Monitoring and Alerting
This document describes how to build a complete monitoring system for an Apache Doris cluster: use Prometheus to collect the metrics exposed by FE and BE, use Grafana with the official dashboard template for visualization, and reserve an Alertmanager configuration entry for later alert integration.
Applicable Scenarios
| Scenario | Description |
|---|---|
| Integrating monitoring after cluster deployment | The Doris cluster is deployed, and you need to collect FE/BE runtime metrics and display them in charts. |
| Unified observability for multiple clusters | Monitor multiple Doris clusters simultaneously in the same Prometheus + Grafana setup. |
| Troubleshooting and performance tuning | Quickly locate abnormal nodes and bottlenecks through JVM, query, and Backend task dashboards. |
| Configuring alerts (planned) | Later, configure alert channels such as email and SMS based on Prometheus + Alertmanager. |
Prerequisites
- The Doris cluster is deployed, and the FE and BE processes are running normally.
- The HTTP port of FE (default
8030) and the Web Server port of BE (default8040) are reachable. - A server is available for running Prometheus and Grafana, with network connectivity to all FE/BE nodes.
- External network access is available to download installation packages and dashboard templates from the Prometheus and Grafana official websites.
Dashboard Template Download
Doris provides an official Grafana dashboard template that you can import directly. The template is updated periodically. For the update procedure, see Dashboard Update.
| Doris Version | Dashboard Version |
|---|---|
| 1.2.x | revision 5 |
Contributions of better dashboards from the community are welcome.
Monitoring Architecture Overview
Doris uses Prometheus and Grafana to collect and display monitoring data.

| Component | Role |
|---|---|
| Prometheus | An open-source system monitoring and alerting suite. It collects metrics via Pull or Push and stores them in its own time-series database (TSDB), and provides a multi-dimensional data query language. |
| Grafana | An open-source data analytics and visualization platform. It supports multiple time-series data sources, including Prometheus, and displays data as charts through configurable dashboards. |
| Alertmanager | The Prometheus alerting component, deployed separately. It can be configured with alert policies such as email and SMS (not covered in this document; refer to the official documentation). |
Note: This document only provides one way to collect and display Doris monitoring data using Prometheus and Grafana. In principle, Doris does not develop or maintain these components. For more details about these components, refer to their official documentation.
Data Flow Diagram

- Prometheus (yellow part): Prometheus Server is the main process of Prometheus. It accesses the monitoring endpoints of Doris nodes via Pull, and stores the time-series data in the TSDB (the TSDB is included in the Prometheus process and does not need to be deployed separately). Prometheus also supports the Push Gateway mode, which allows the monitored system to push monitoring data to the Push Gateway, from which Prometheus Server then pulls the data.

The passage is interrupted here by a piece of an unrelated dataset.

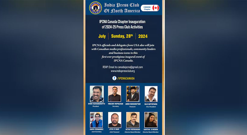 ഇന്ത്യന് പ്രസ് ക്ലബ്ബ് ഓഫ് നോര്ത്ത് അമേരിക്ക കാനഡ (ഐപിസിഎന്എ) ചാപ്റ്ററിന്റെ ഉദ്ഘാടനം ജൂലൈ 28 ന് വൈകുന്നേരം നടക്കുമെന്ന് സംഘാടകർ അറിയിച്ചു. ഐ.പി.സി.എന്.എ പ്രവര്ത്തകരുടെ നേതൃത്വത്തിലാണ് പരിപാടി നടക്കുക. ഐപിസിഎന്എയുടെ ദേശീയ അംഗങ്ങളും പരിപാടിയില് പങ്കെടുക്കും.
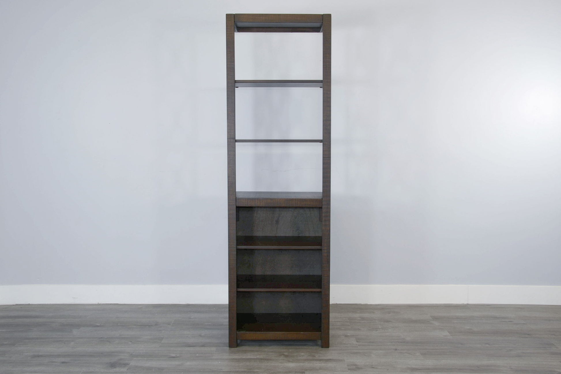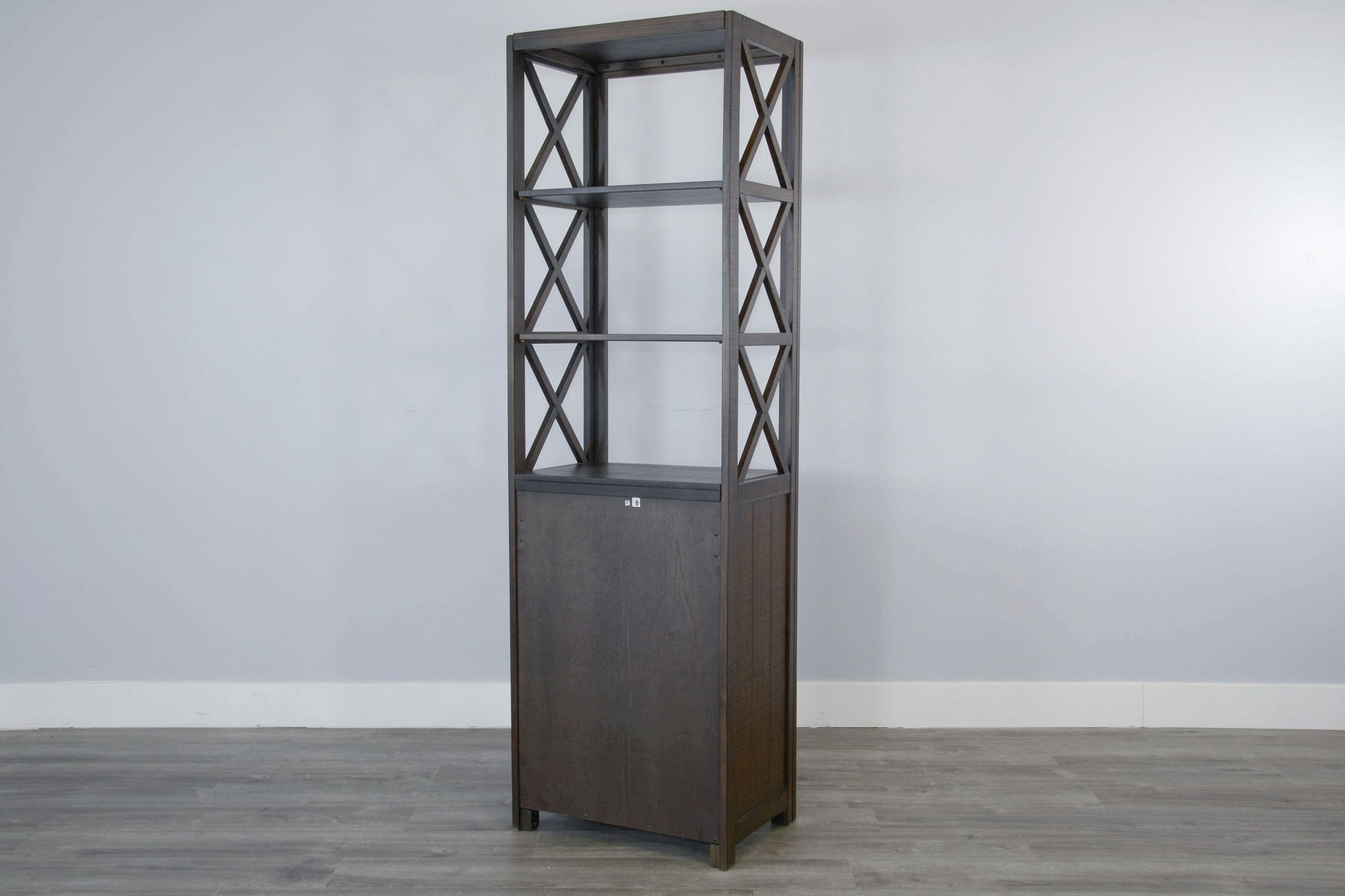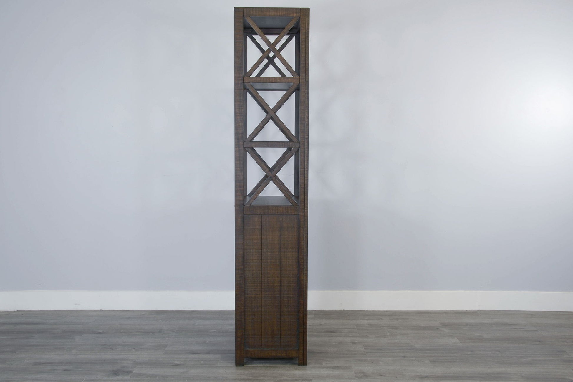 Elevate your space with this stylish and functional tall bookshelf, featuring a rustic design with open X-shaped sides. The multiple shelves provide ample storage for books, decor, or collectibles, while the sturdy wooden construction ensures lasting durability. Its compact footprint makes it perfect for living rooms, home offices, or smaller spaces needing organization. This piece blends rustic charm with modern functionality to enhance any room.

- Alertmanager: Alertmanager is the Prometheus alerting component and must be deployed separately (no solution is provided here; refer to the official documentation to set it up). With Alertmanager, you can configure alert policies and receive alerts via email, SMS, and so on.
- Grafana (green part): Grafana Server is the main process of Grafana. After it starts, you can configure Grafana through the web page, including data source settings, user settings, and dashboard drawing. This is also where end users view monitoring data.
Monitoring Data Format
Doris monitoring data is exposed through the HTTP endpoints of Frontend and Backend in Key-Value text form. Each Key can also carry several Labels for distinction. After the cluster is deployed, you can access the following endpoints directly in a browser to view the real-time monitoring data of a node:
| Node Type | Endpoint |
|---|---|
| Frontend | fe_host:fe_http_port/metrics |
| Backend | be_host:be_web_server_port/metrics |
| Broker | Not provided |
After accessing the endpoint, you will see results similar to the following (an example of FE metrics):
# HELP jvm_heap_size_bytes jvm heap stat
# TYPE jvm_heap_size_bytes gauge
jvm_heap_size_bytes{type="max"} 8476557312
jvm_heap_size_bytes{type="committed"} 1007550464
jvm_heap_size_bytes{type="used"} 156375280
# HELP jvm_non_heap_size_bytes jvm non heap stat
# TYPE jvm_non_heap_size_bytes gauge
jvm_non_heap_size_bytes{type="committed"} 194379776
jvm_non_heap_size_bytes{type="used"} 188201864
# HELP jvm_young_size_bytes jvm young mem pool stat
# TYPE jvm_young_size_bytes gauge
jvm_young_size_bytes{type="used"} 40652376
jvm_young_size_bytes{type="peak_used"} 277938176
jvm_young_size_bytes{type="max"} 907345920
# HELP jvm_old_size_bytes jvm old mem pool stat
# TYPE jvm_old_size_bytes gauge
jvm_old_size_bytes{type="used"} 114633448
jvm_old_size_bytes{type="peak_used"} 114633448
jvm_old_size_bytes{type="max"} 7455834112
# HELP jvm_gc jvm gc stat
# TYPE jvm_gc gauge
<GarbageCollector>{type="count"} 247
<GarbageCollector>{type="time"} 860
# HELP jvm_thread jvm thread stat
# TYPE jvm_thread gauge
jvm_thread{type="count"} 162
jvm_thread{type="peak_count"} 205
jvm_thread{type="new_count"} 0
jvm_thread{type="runnable_count"} 48
jvm_thread{type="blocked_count"} 1
jvm_thread{type="waiting_count"} 41
jvm_thread{type="timed_waiting_count"} 72
jvm_thread{type="terminated_count"} 0
...
The data is presented in the Prometheus format. Take one item as an example:
# HELP jvm_heap_size_bytes jvm heap stat
# TYPE jvm_heap_size_bytes gauge
jvm_heap_size_bytes{type="max"} 8476557312
jvm_heap_size_bytes{type="committed"} 1007550464
jvm_heap_size_bytes{type="used"} 156375280
The fields have the following meanings:
- Lines starting with
#are comment lines.HELPis the description of the metric;TYPEindicates the data type of the metric. In the example, the type isGauge, a scalar value. Other data types includeCounterandHistogram. For details, see the Prometheus official documentation. jvm_heap_size_bytesis the metric name (Key);type="max"is a Label namedtypewith valuemax. A metric can carry multiple Labels.- The final number
8476557312is the actual value of the metric.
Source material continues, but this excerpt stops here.